● Task directions: From the listing that follows, reproduce only the lines from the one holding "Die Deckenleuchte Parma" through the one holding "スタンプラリーがあり、記念にスタンプを押す生徒がいました。", both included, with no pictures.

● Data records:

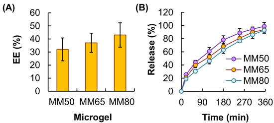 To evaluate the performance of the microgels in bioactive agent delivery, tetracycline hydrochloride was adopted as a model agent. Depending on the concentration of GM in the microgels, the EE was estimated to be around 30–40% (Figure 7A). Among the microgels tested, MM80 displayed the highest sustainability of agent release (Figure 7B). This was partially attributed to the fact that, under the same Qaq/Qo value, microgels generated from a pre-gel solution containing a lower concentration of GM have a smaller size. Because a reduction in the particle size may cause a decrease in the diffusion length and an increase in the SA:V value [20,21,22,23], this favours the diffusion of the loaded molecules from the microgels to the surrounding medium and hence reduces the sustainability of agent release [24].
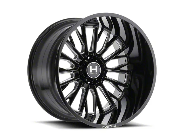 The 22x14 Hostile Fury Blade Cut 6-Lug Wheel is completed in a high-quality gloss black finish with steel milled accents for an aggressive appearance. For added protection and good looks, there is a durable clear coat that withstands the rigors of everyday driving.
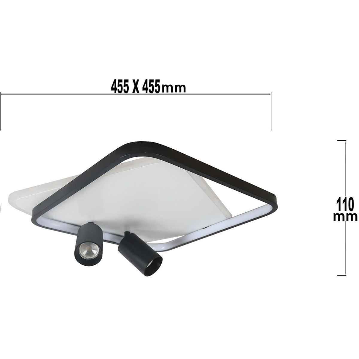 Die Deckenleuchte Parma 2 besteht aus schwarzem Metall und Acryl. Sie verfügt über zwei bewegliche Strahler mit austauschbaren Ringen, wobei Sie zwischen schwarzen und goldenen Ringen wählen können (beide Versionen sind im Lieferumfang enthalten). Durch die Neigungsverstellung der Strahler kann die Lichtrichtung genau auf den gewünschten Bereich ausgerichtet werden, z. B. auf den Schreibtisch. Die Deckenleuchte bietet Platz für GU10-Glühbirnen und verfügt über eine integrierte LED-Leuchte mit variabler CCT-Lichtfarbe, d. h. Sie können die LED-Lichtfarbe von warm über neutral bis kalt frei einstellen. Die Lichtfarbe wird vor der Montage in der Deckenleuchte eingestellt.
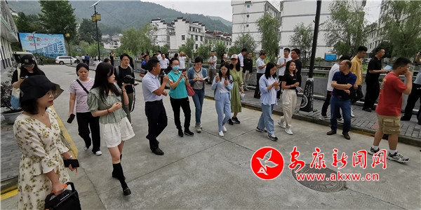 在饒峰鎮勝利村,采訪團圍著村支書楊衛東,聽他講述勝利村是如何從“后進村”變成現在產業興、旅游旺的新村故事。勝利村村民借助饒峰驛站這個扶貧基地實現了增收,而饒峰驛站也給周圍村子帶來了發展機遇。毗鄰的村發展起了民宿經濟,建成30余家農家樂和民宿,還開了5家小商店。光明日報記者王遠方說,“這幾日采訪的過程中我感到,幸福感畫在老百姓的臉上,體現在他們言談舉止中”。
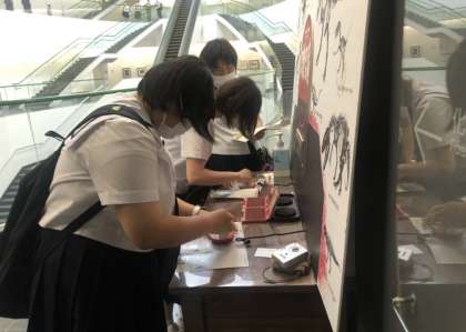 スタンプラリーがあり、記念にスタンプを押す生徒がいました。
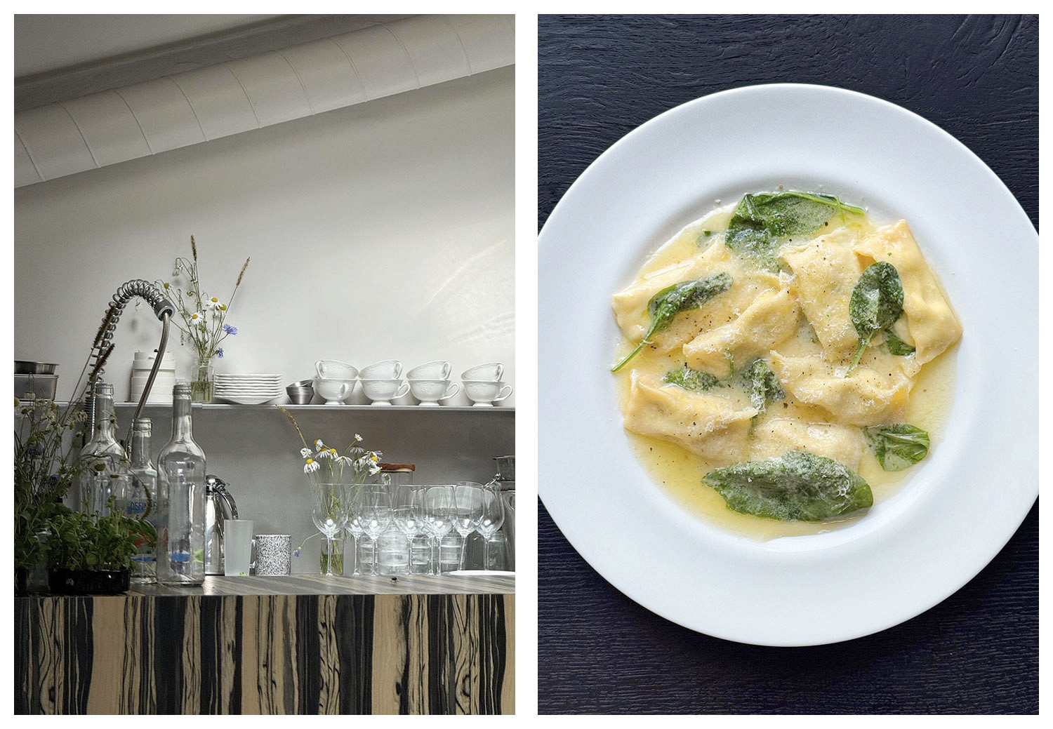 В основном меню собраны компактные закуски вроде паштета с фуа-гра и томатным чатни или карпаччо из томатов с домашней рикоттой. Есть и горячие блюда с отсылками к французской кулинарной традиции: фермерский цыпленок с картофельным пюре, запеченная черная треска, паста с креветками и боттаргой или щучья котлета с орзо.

● Task output:
 Die Deckenleuchte Parma 2 besteht aus schwarzem Metall und Acryl. Sie verfügt über zwei bewegliche Strahler mit austauschbaren Ringen, wobei Sie zwischen schwarzen und goldenen Ringen wählen können (beide Versionen sind im Lieferumfang enthalten). Durch die Neigungsverstellung der Strahler kann die Lichtrichtung genau auf den gewünschten Bereich ausgerichtet werden, z. B. auf den Schreibtisch. Die Deckenleuchte bietet Platz für GU10-Glühbirnen und verfügt über eine integrierte LED-Leuchte mit variabler CCT-Lichtfarbe, d. h. Sie können die LED-Lichtfarbe von warm über neutral bis kalt frei einstellen. Die Lichtfarbe wird vor der Montage in der Deckenleuchte eingestellt.
 在饒峰鎮勝利村,采訪團圍著村支書楊衛東,聽他講述勝利村是如何從“后進村”變成現在產業興、旅游旺的新村故事。勝利村村民借助饒峰驛站這個扶貧基地實現了增收,而饒峰驛站也給周圍村子帶來了發展機遇。毗鄰的村發展起了民宿經濟,建成30余家農家樂和民宿,還開了5家小商店。光明日報記者王遠方說,“這幾日采訪的過程中我感到,幸福感畫在老百姓的臉上,體現在他們言談舉止中”。
 スタンプラリーがあり、記念にスタンプを押す生徒がいました。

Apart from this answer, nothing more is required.